The dueling spot is beautiful. The north side of the river is all rolling fields of corn and wheat. On the south side of the river, there’s a more narrow low spot and then a bluff. Judging from the history books, it’s probably pretty much as it was in Jackson’s time. It’s beautiful. I guess if you were picking a place to maybe die, that would be as fine a spot as any.

But the part that fascinates me is how historical knowledge gets passed on — or fails to be passed on. I mean, I guess you could argue that even Charles Dickinson’s body being lost is a good example of that. But the whiplash of going from asking an expert on the era here in Tennessee who has been searching for a definitive answer for years to getting an address from a Kentuckian was both delightful and concerning.

Like, shoot, maybe someone down here should write that address down and put it in a safe place where Nashville can find it in the future. Shit, I guess that’s me, putting it here. It’s Barren Plains Road west of Adairville, on the east side of the road, right before you hit the river. Look for the spot where it looks like two assholes would have risked abandoning their families and leaving their widows in the lurch in order to prove what men they were.

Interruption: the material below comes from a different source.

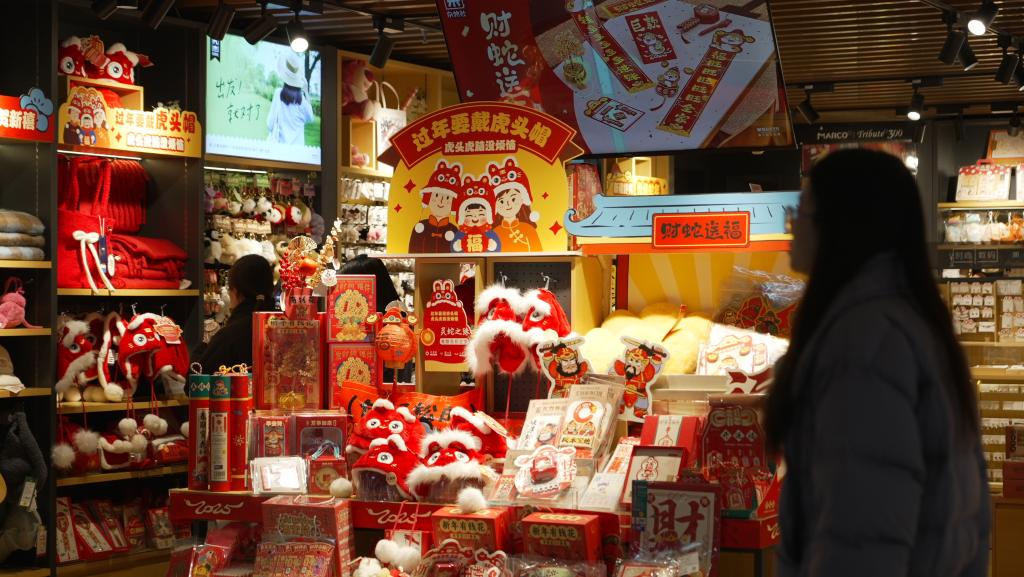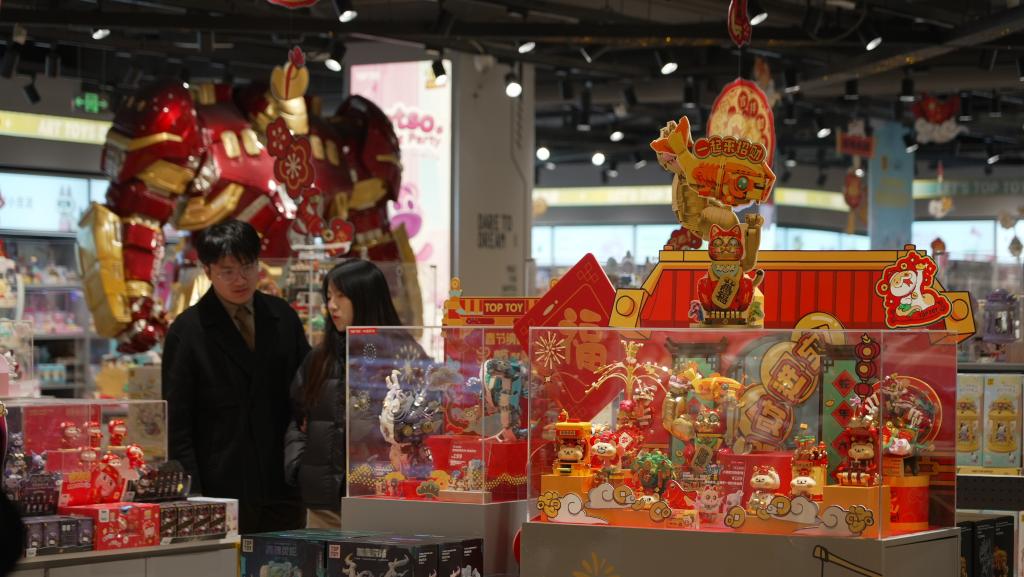 “闲来逛市场,年货尽琳琅。”吃食是年味,装饰是彩头,年货市场红红火火。在江西南昌一商超内,购置年货的消费者人头攒动。不远处一家潮玩店也是门庭若市,店内潮流人偶戴上“财神帽”,颗粒拼装的积木花蕊在枝头绽放,舞狮、锦鲤、招财猫等节日“使者”稳居C位……

I don’t know that this “discovery” was a life-changing event. I mean, all joking aside, I didn’t discover anything. I just stumbled across the right person to ask. But it was an example of my favorite thing about living here: You can just go see for yourself. You read about this duel? Go see where it was, see the landscape, experience the journey. And be home shortly after lunch.

How lucky are we to still have these places, this history, that we can discover over and over for ourselves?